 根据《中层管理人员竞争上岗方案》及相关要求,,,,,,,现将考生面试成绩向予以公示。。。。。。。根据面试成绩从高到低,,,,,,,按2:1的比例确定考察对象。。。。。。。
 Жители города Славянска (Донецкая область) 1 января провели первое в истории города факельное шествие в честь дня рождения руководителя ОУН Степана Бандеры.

==

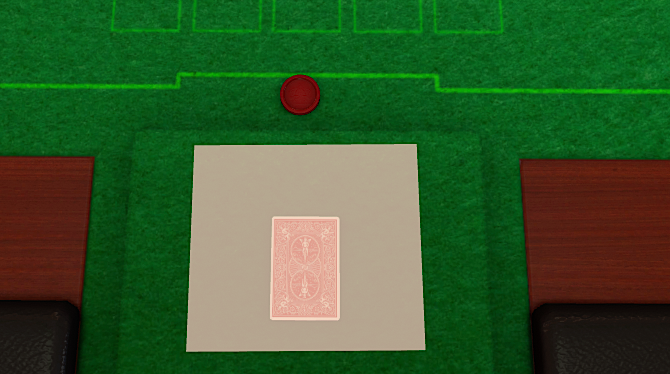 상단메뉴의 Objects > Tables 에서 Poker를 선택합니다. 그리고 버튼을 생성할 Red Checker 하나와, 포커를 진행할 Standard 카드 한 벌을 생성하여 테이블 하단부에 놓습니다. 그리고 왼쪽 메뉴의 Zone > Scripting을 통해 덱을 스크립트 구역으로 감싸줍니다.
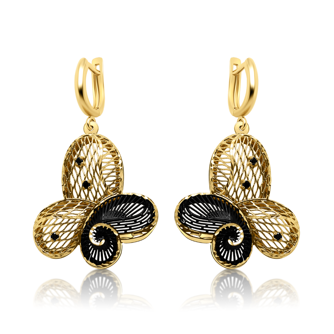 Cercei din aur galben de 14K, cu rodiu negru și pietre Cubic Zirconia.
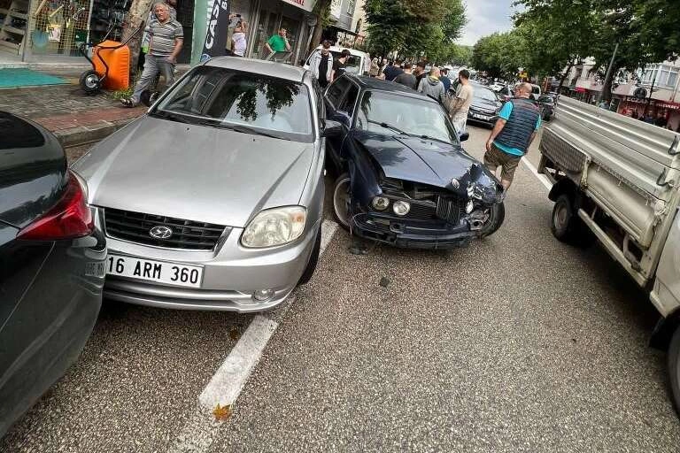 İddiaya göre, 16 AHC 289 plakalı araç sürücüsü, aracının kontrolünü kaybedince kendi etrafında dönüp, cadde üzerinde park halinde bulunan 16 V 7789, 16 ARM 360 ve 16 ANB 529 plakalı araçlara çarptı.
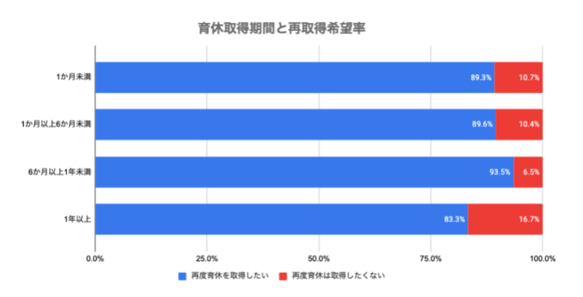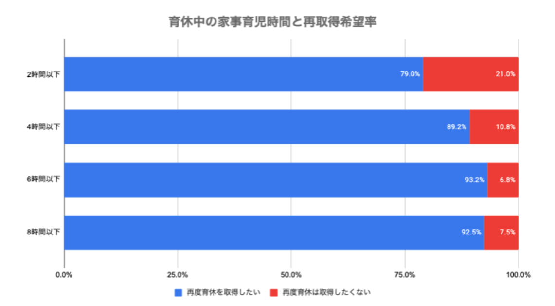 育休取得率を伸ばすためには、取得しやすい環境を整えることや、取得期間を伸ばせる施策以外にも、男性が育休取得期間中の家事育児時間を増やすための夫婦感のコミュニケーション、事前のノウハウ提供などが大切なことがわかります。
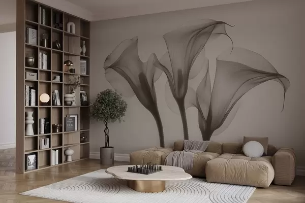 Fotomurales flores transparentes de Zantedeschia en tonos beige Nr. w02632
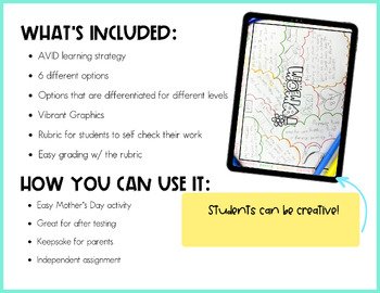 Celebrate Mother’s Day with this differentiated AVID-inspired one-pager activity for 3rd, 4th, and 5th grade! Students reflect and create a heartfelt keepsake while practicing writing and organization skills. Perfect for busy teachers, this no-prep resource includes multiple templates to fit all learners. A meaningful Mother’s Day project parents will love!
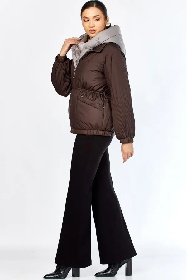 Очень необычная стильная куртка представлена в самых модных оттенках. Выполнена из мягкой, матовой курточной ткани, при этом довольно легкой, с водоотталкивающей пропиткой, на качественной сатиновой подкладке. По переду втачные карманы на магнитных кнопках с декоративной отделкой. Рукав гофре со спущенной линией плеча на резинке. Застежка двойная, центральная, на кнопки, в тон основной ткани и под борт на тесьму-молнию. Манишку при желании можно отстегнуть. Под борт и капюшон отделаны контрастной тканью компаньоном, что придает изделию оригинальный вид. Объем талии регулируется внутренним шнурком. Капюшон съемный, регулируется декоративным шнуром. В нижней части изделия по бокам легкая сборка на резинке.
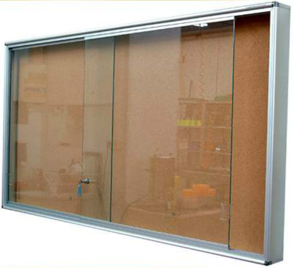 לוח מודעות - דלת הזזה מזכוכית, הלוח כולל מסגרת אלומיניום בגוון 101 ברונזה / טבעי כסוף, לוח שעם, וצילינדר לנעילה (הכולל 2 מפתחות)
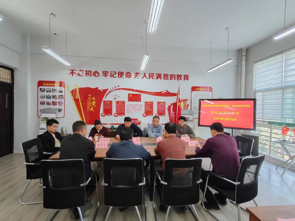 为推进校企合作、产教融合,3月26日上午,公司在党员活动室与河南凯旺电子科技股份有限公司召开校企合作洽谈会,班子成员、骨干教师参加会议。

TASK PROMPT: Starting at the line above that has "Очень необычная стильная" and ending at the line that has "לוח מודעות - דלת", copy each line exactly, leaving the pictures out and adding nothing.

PROBLEM SOLUTION:
 Очень необычная стильная куртка представлена в самых модных оттенках. Выполнена из мягкой, матовой курточной ткани, при этом довольно легкой, с водоотталкивающей пропиткой, на качественной сатиновой подкладке. По переду втачные карманы на магнитных кнопках с декоративной отделкой. Рукав гофре со спущенной линией плеча на резинке. Застежка двойная, центральная, на кнопки, в тон основной ткани и под борт на тесьму-молнию. Манишку при желании можно отстегнуть. Под борт и капюшон отделаны контрастной тканью компаньоном, что придает изделию оригинальный вид. Объем талии регулируется внутренним шнурком. Капюшон съемный, регулируется декоративным шнуром. В нижней части изделия по бокам легкая сборка на резинке.
 לוח מודעות - דלת הזזה מזכוכית, הלוח כולל מסגרת אלומיניום בגוון 101 ברונזה / טבעי כסוף, לוח שעם, וצילינדר לנעילה (הכולל 2 מפתחות)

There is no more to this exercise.